Two years have changed a lot.
Having finally accrued a bit of vacation time at my still relatively new job, I decided to schedule off Friday, Sept. 2 to make a four-day Labor Day weekend. I initially tried to make more ambitious plans - the Wind Rivers or the Tetons, for instance - but couldn't find any takers. I "settled" for the Chicago Basin.
Steve, who was my only partner on that initial foray into Chicago Basin, was the first to sign up. We'd managed only to summit Windom on our first attempt (my first 14er), as we were on an abbreviated two-day itinerary. He was as eager as I was to go back for the other three. Andrew agreed to the trip shortly thereafter, and Leah and her dog Rope joined near the last minute. With a full car, we set off for Durango after work on Sept. 1 and camped at Junction Creek.
Equipped this time with a lighter pack and two years (and 30 peaks) of experience, Andrew and I managed to get first pick of campsites in the basin, arriving from the train in 2.5 hours. We chose an awesome spot near a flat, treeless area we called our beach, on which we'd spend much of our downtime lounging and reading. Camped on the right side of Needle Creek (when you're facing toward Windom/Jupiter), we had absolutely zero issues with goats or other critters. We saw them routinely in campsites on the other side of the creek, though.

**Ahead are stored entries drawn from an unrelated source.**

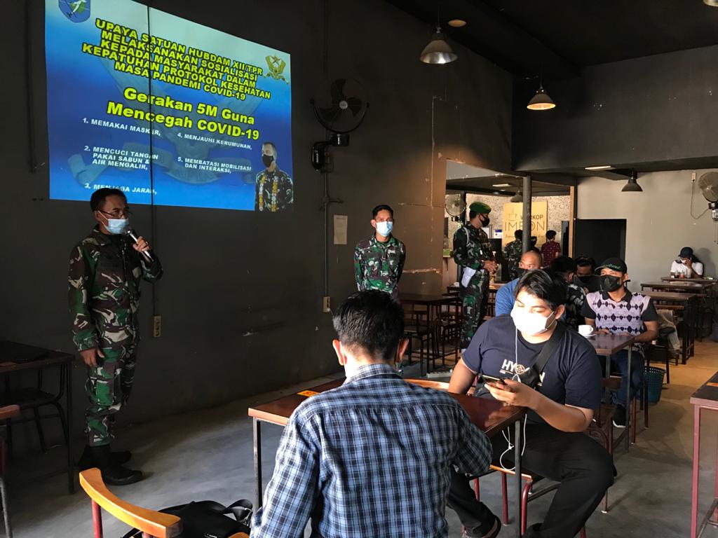 “Dalam rangka memberikan rasa aman dan nyaman bagi masyarakat Bansir Laut, Hubdam XII/Tpr melakukan sosialisasi tentang penerapan disiplin dan penegakan hukum protokol kesehatan,” kata Kasituud, Mayor Chb Ach. Dadang.
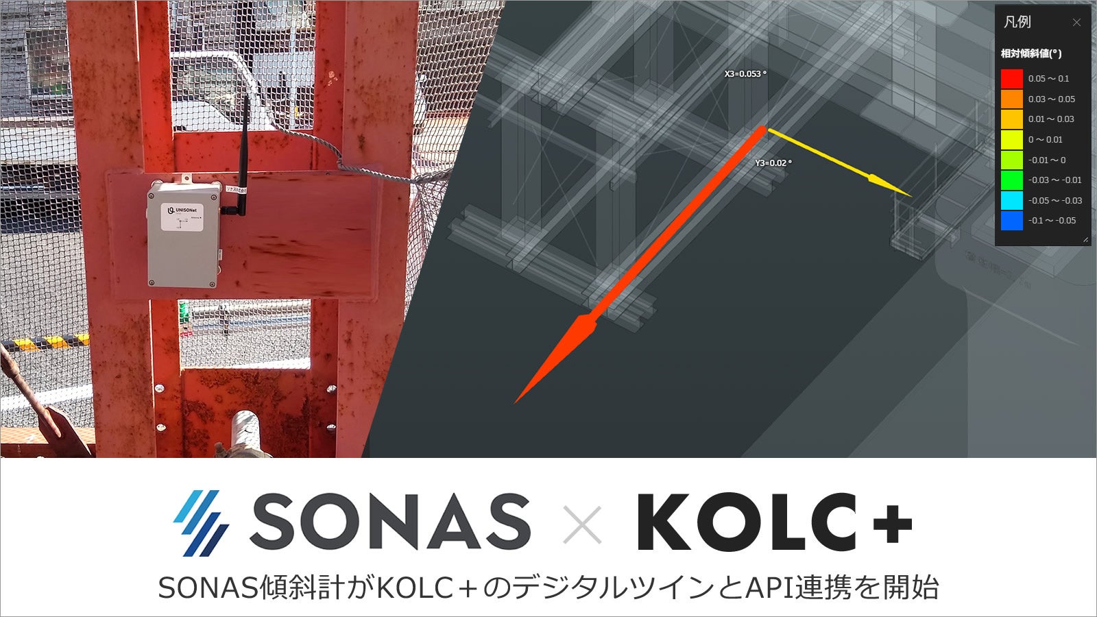 ソナス株式会社(東京都文京区:代表取締役CEO 大原壮太郎、以下「ソナス」)、株式会社コルク(東京都豊島区:代表取締役 堤 正雄、以下「コルク」)の2社は、ソナスが提供する「無線式 傾斜監視システム」で取得した計測データを、コルクが提供するBIM/CIMクラウド「KOLC+」にAPI連携し、デジタルツイン上に傾斜量と傾斜方向を3Dグラフとしてダッシュボード表示可能になったことをお知らせいたします。
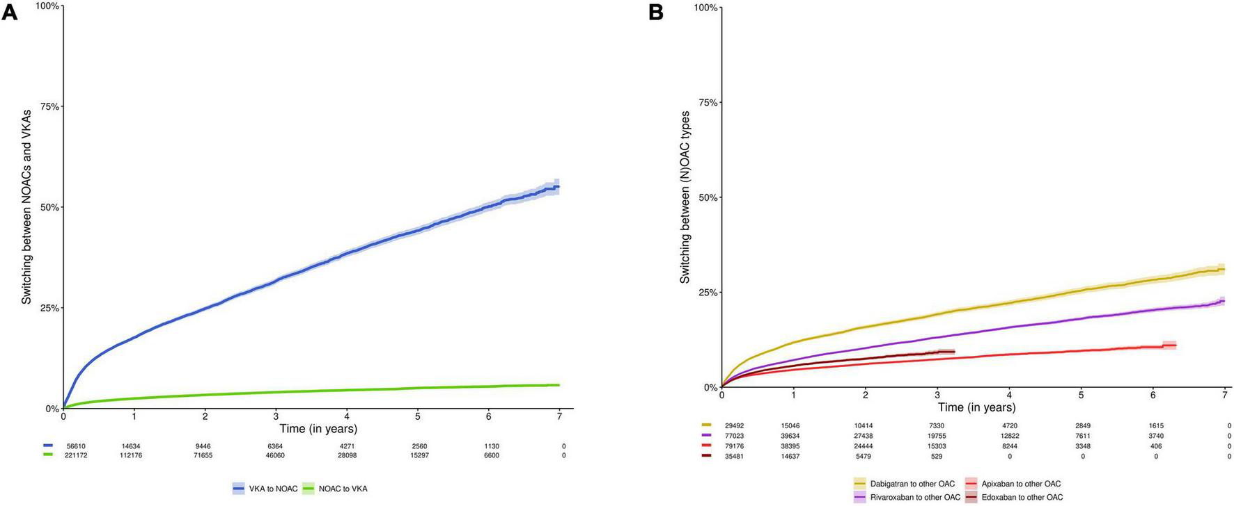 Switching was defined as the dispensing of another OAC before or within 60 days after the last day of supply of the index OAC, considering the dispensing date of the new OAC as the switch date. The direction of switching (VKAs to NOACs or vice versa; specific NOAC type to any other OAC; and standard to reduced dose NOACs or vice versa) was assessed.

A solo hiker kept pace with us most of the approach, making us the first three into the basin from that day's train - and he was wearing SANDALS! He was on exactly the same itinerary as us, so we invited him to join our party. Joe became our fifth member. Leah, Steve and Rope arrived a short time later.
Knowing how volatile the weather in Chicago Basin can be, we hit the trail at 4:30 a.m. on Day 1. The goals were Sunlight and Windom. I was surprised to see how many other people chose such an early start, including a nine-person Colorado Mountain Club group. As crowded as the trails were, Leah said she didn't mind if we went ahead. Steve and Andrew tackled Sunlight's West Ridge, while Joe and I slogged up the standard scree gully. I regret that looking back - do the West Ridge!
We timed our hike to hit Twin Lakes at about first light, which in my opinion was ideal. Once out of Sunlight's gully, the Class 3 scrambling is really fun. We didn't make much of an effort to stay on route, instead choosing fun variations that eventually got us to the summit block.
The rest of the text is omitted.